▶ Your goal
Please write out exactly the lines of the data below from the line holding "在某機構2021年發佈的《千" through the line holding "1–4 классы постарались", and leave out the rest.

Records from a data collection:

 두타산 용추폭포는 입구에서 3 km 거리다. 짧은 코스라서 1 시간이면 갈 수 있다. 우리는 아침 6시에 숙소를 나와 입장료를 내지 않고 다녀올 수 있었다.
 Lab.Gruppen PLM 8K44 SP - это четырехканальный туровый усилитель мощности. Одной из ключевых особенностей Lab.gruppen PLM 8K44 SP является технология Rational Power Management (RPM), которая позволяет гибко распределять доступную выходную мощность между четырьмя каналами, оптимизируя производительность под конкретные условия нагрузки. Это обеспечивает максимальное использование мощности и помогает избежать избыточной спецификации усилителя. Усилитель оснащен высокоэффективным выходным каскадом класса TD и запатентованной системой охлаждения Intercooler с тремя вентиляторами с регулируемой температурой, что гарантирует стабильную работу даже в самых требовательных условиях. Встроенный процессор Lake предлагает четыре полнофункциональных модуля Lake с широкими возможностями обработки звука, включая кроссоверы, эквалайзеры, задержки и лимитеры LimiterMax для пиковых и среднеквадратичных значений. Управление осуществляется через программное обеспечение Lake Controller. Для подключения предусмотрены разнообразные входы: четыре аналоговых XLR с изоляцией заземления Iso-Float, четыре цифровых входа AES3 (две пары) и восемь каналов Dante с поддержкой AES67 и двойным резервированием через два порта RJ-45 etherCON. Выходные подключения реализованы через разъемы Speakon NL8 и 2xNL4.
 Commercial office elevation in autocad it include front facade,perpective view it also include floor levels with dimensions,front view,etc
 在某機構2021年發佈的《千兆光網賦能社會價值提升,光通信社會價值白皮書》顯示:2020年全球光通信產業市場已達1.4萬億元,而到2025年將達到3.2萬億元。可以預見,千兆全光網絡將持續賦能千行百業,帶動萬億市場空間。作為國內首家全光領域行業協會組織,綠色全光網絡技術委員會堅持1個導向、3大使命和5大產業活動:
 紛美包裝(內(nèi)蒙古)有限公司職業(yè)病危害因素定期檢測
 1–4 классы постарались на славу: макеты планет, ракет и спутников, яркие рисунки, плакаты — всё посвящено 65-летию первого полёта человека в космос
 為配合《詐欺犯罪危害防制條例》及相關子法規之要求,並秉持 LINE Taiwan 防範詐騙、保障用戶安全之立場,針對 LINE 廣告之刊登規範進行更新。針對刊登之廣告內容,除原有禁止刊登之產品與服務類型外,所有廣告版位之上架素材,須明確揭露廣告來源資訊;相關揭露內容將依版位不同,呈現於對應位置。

▶ Your response
 在某機構2021年發佈的《千兆光網賦能社會價值提升,光通信社會價值白皮書》顯示:2020年全球光通信產業市場已達1.4萬億元,而到2025年將達到3.2萬億元。可以預見,千兆全光網絡將持續賦能千行百業,帶動萬億市場空間。作為國內首家全光領域行業協會組織,綠色全光網絡技術委員會堅持1個導向、3大使命和5大產業活動:
 紛美包裝(內(nèi)蒙古)有限公司職業(yè)病危害因素定期檢測
 1–4 классы постарались на славу: макеты планет, ракет и спутников, яркие рисунки, плакаты — всё посвящено 65-летию первого полёта человека в космос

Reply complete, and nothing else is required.